What to produce =>
Copy exactly the lines of the records below, and only those lines, beginning with the line that contains "Fully buried pipelines" and ending with the line that contains "The buffet supports".

Listed records =>
_ _ _ _ _

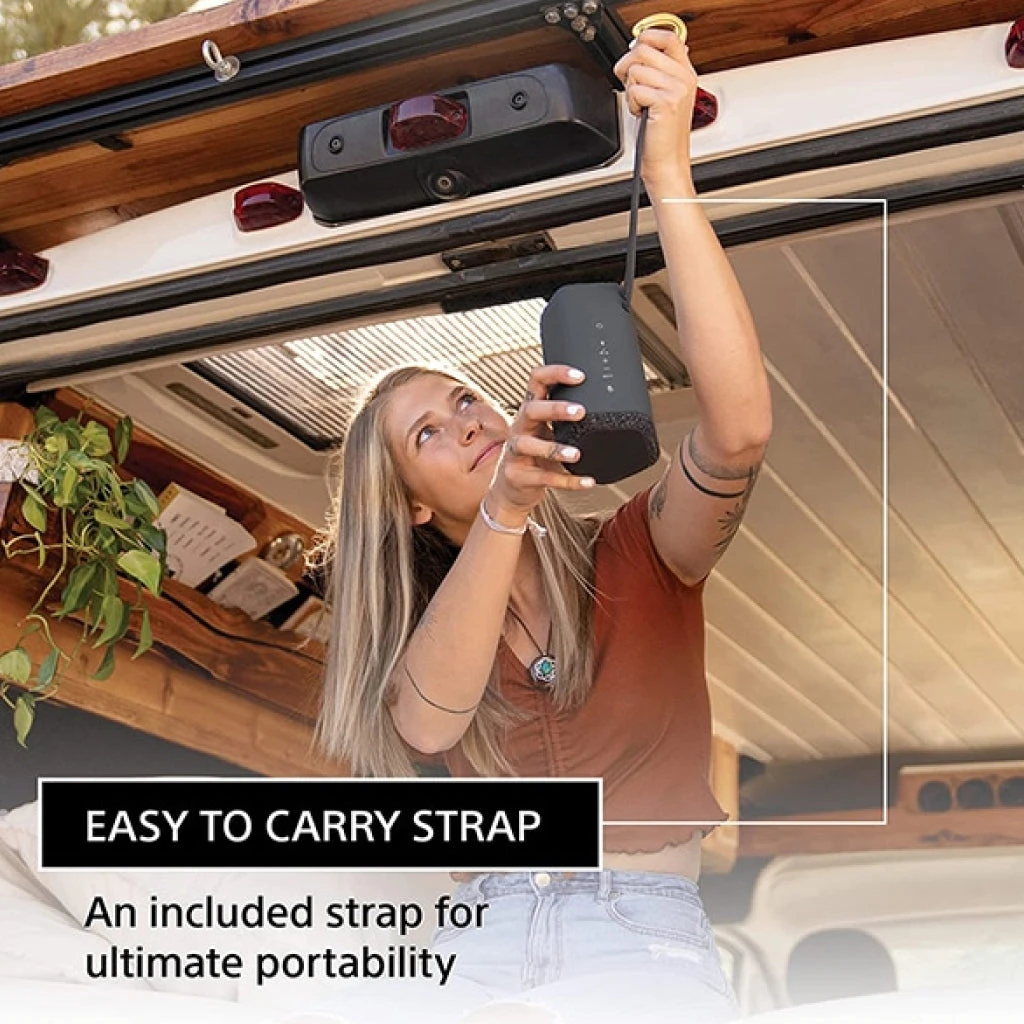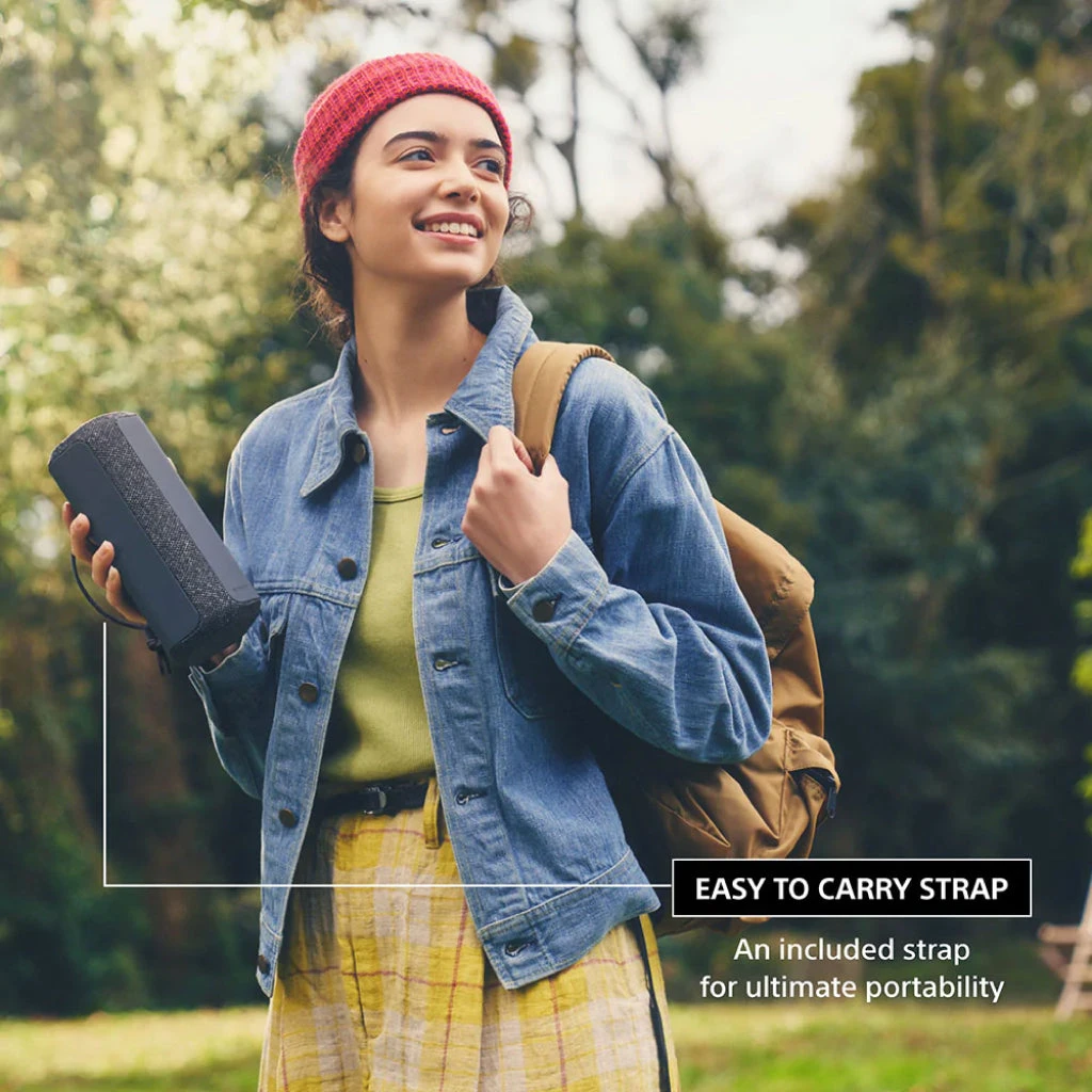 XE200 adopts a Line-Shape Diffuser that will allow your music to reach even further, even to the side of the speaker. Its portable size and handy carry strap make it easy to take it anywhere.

_ _ _ _ _

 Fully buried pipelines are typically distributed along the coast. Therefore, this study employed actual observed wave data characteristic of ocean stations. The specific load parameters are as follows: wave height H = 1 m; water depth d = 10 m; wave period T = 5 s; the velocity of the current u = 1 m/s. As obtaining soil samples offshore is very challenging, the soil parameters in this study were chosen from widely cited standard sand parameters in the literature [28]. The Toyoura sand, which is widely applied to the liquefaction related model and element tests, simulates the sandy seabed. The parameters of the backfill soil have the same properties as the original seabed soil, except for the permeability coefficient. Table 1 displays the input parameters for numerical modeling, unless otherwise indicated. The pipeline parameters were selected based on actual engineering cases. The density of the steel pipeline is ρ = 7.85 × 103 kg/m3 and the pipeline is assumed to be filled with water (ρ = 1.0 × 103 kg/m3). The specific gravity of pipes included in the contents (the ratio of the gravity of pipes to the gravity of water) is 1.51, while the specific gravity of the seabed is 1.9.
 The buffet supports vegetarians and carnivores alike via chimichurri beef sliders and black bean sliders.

_ _ _ _ _

Your solution =>
 Fully buried pipelines are typically distributed along the coast. Therefore, this study employed actual observed wave data characteristic of ocean stations. The specific load parameters are as follows: wave height H = 1 m; water depth d = 10 m; wave period T = 5 s; the velocity of the current u = 1 m/s. As obtaining soil samples offshore is very challenging, the soil parameters in this study were chosen from widely cited standard sand parameters in the literature [28]. The Toyoura sand, which is widely applied to the liquefaction related model and element tests, simulates the sandy seabed. The parameters of the backfill soil have the same properties as the original seabed soil, except for the permeability coefficient. Table 1 displays the input parameters for numerical modeling, unless otherwise indicated. The pipeline parameters were selected based on actual engineering cases. The density of the steel pipeline is ρ = 7.85 × 103 kg/m3 and the pipeline is assumed to be filled with water (ρ = 1.0 × 103 kg/m3). The specific gravity of pipes included in the contents (the ratio of the gravity of pipes to the gravity of water) is 1.51, while the specific gravity of the seabed is 1.9.
 The buffet supports vegetarians and carnivores alike via chimichurri beef sliders and black bean sliders.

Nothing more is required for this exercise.